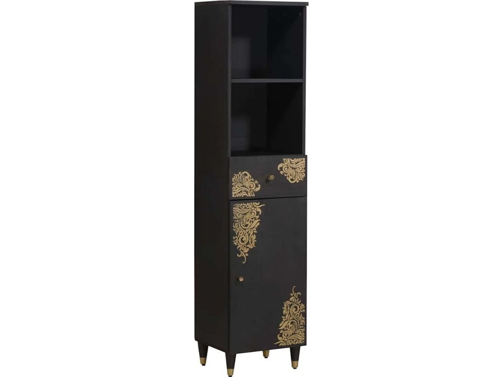 Tento Dřevěný koupelnový skříňkový set spojuje funkčnost s hezkým rustikálním designem, ideálním pro ty, co mají rádi krásné a praktické kousky v bytě. Vyroben z pevného mangového dřeva, tahle sada přináší přírodní tóny a dotek luxusu díky zlatému potisku. Je to univerzální výběr, který se hodí do různých stylů koupelen, zajišťuje potřebný úložný prostor a zlepšuje vzhled místnosti. Skvělá volba pro majitele, co chtějí mít pokoje uklizené a zároveň stylové.
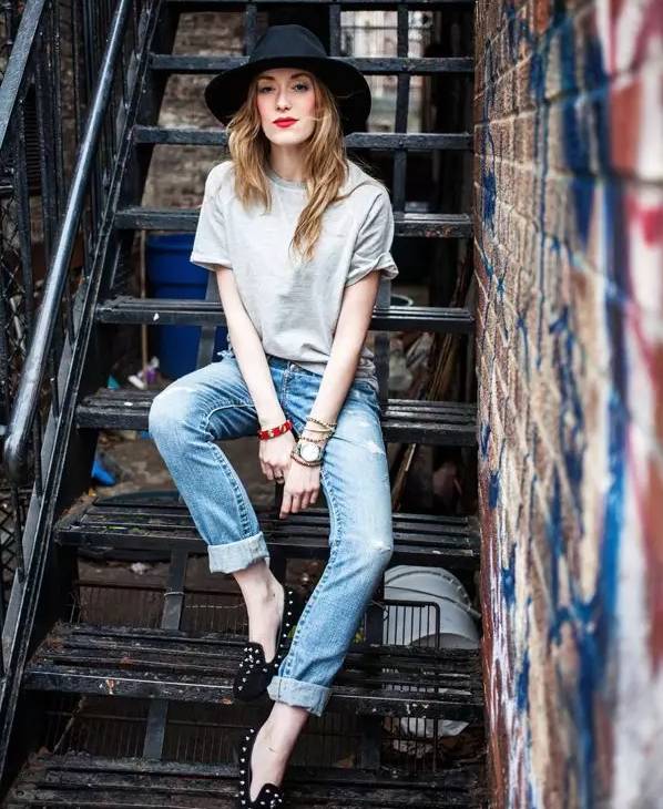 裤子的设计是比较流行臀部比较宽大,然后慢慢修窄,形成“倒三角”的剪裁。不过也可以是宽松的长裤或者破洞牛仔裤,同样能穿出中性风。
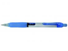 Gelový roler s gumovým úchopem, šedým plastovým tělem a průhlednou částí ukazující stav náplně. Barva gripu shodná s barvou náplně. Náplň Spoko 0292, šíře stopy 0,7 mm. Barva: modrá.
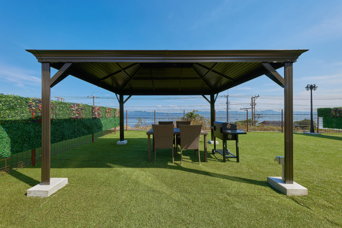 各ドーム型テントに隣接して雨天時や悪天候時でもBBQが楽しめる全天候型の専用食事スペースを配置。
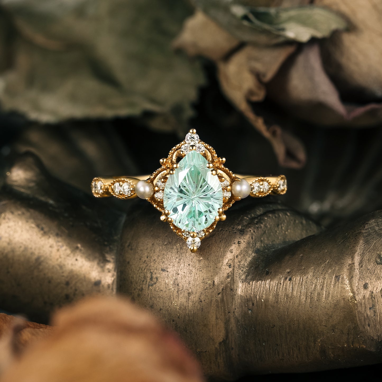 This vintage-inspired engagement ring captures the timeless elegance of enduring love. The centerpiece is a captivating sparkle-cut pear-shaped green sapphire, a stone symbolizing tranquility, growth, and serene renewal. Set within a beautifully detailed band, the sapphire is gracefully complemented by the soft glow of pearls and the brilliant sparkle of moissanite accents. Delicate milgrain edging encircles the design, adding a touch of antique refinement to every angle.
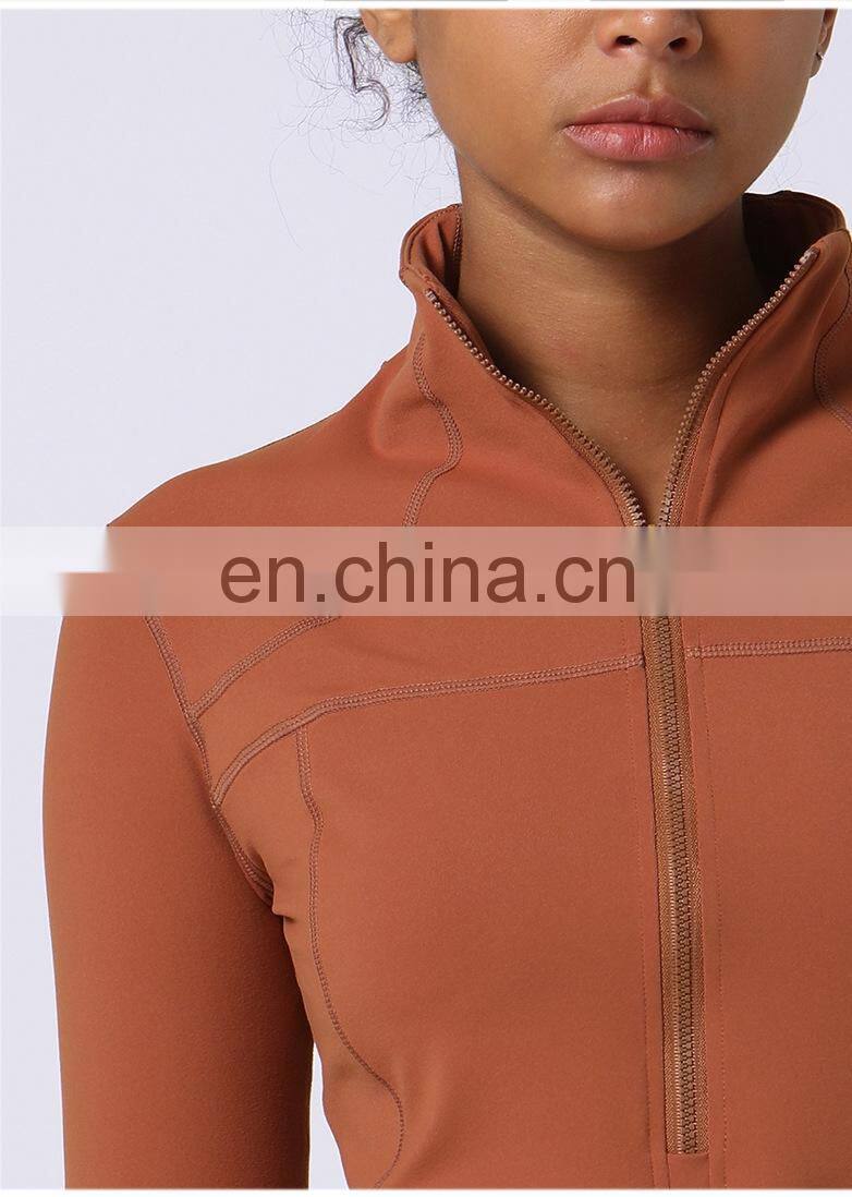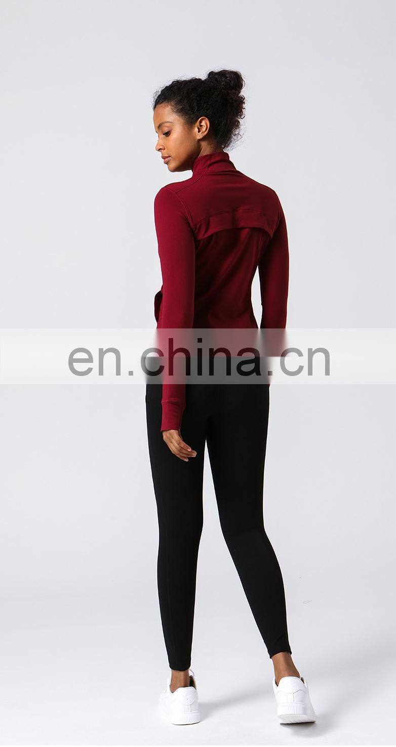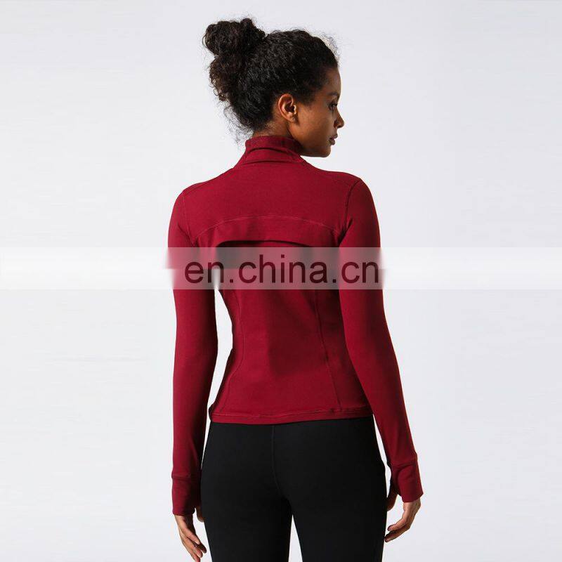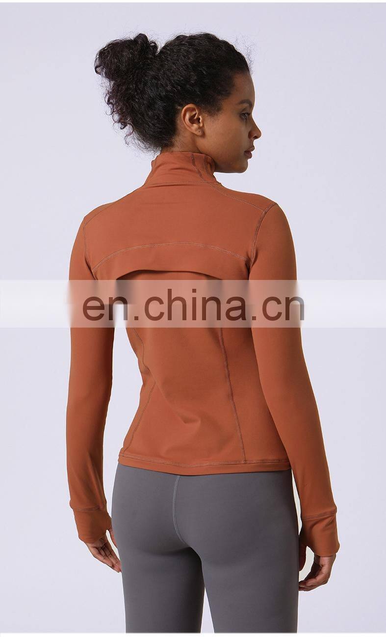 Custom Running Workout Sports Tops Wear Gym Fitness Stand Collar Long Sleeve Thumb Hole Zipper Jackets Yoga Jacket For Women
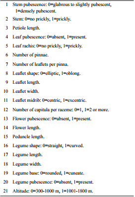 A total of 70 samples were evaluated as representative of the morphological diversity of both species and Senegalia saltilloensis and S. roemeriana were considered as OTUs (Operational Taxonomic Units). A number of 21 characters were selected as elements of informative value (Table 2). A stereomicroscope Labomed model CSM2 (U.S.A.) and a vernier Mitutoyo series 1505 (Japan) were used to observe details and take measurements. The data were analyzed by the Detrended Correspondence Analysis (DCA), using the CANOCO version 4.5 software (ter-Braak and Šmilauer, 2002).

▶ **PROBLEM TO SOLVE**: Look back over the records above. Reproduce exactly everything from the line with "各ドーム型テントに隣接して雨" down to the line with "Custom Running Workout", inclusive, and leave the pictures out.

▶ **WRITTEN SOLUTION**:
 各ドーム型テントに隣接して雨天時や悪天候時でもBBQが楽しめる全天候型の専用食事スペースを配置。
 This vintage-inspired engagement ring captures the timeless elegance of enduring love. The centerpiece is a captivating sparkle-cut pear-shaped green sapphire, a stone symbolizing tranquility, growth, and serene renewal. Set within a beautifully detailed band, the sapphire is gracefully complemented by the soft glow of pearls and the brilliant sparkle of moissanite accents. Delicate milgrain edging encircles the design, adding a touch of antique refinement to every angle.
 Custom Running Workout Sports Tops Wear Gym Fitness Stand Collar Long Sleeve Thumb Hole Zipper Jackets Yoga Jacket For Women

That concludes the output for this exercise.